:: Data records ::
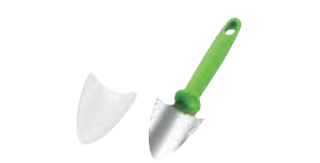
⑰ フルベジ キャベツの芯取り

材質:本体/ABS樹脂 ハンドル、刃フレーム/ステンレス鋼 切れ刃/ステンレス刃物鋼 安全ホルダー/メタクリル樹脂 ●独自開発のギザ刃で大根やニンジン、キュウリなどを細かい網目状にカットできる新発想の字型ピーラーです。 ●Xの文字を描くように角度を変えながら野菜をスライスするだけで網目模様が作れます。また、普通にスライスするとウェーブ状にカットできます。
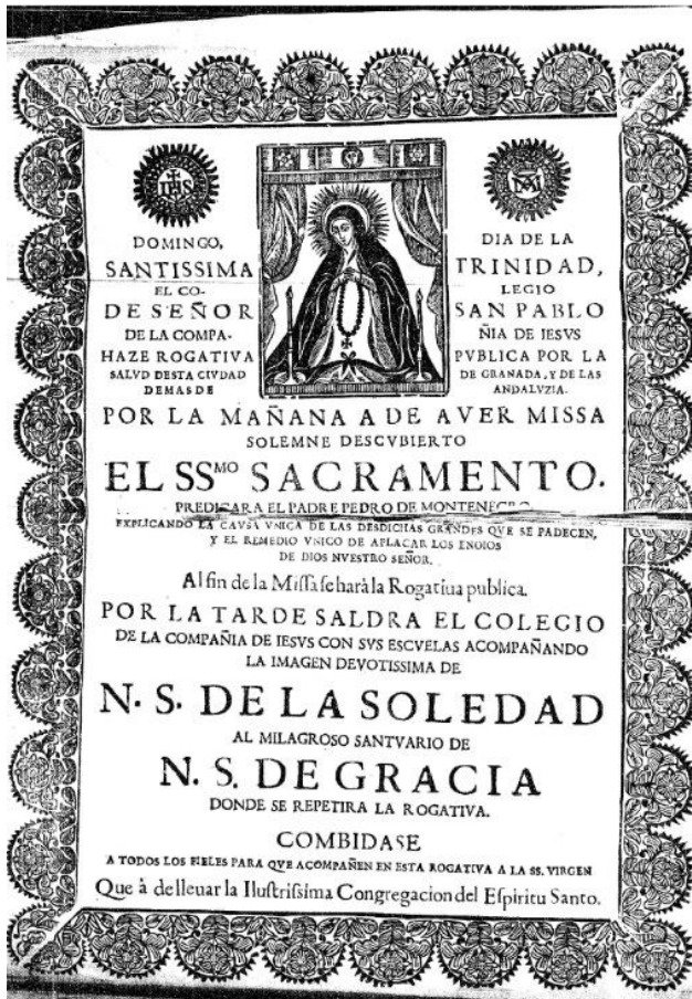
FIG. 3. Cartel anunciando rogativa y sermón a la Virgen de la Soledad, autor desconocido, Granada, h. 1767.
:::
:: Data records ::
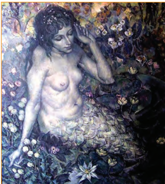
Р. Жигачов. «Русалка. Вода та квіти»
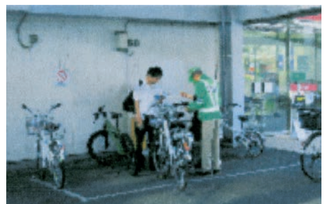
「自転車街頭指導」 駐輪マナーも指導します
:::
§ **Exercise**
In the data above, start at the line holding "⑰ フルベジ キャベツの芯取り" and stop after the line holding "FIG. 3. Cartel"; write out those lines exactly, without pictures.

§ **Result**
⑰ フルベジ キャベツの芯取り

材質:本体/ABS樹脂 ハンドル、刃フレーム/ステンレス鋼 切れ刃/ステンレス刃物鋼 安全ホルダー/メタクリル樹脂 ●独自開発のギザ刃で大根やニンジン、キュウリなどを細かい網目状にカットできる新発想の字型ピーラーです。 ●Xの文字を描くように角度を変えながら野菜をスライスするだけで網目模様が作れます。また、普通にスライスするとウェーブ状にカットできます。
FIG. 3. Cartel anunciando rogativa y sermón a la Virgen de la Soledad, autor desconocido, Granada, h. 1767.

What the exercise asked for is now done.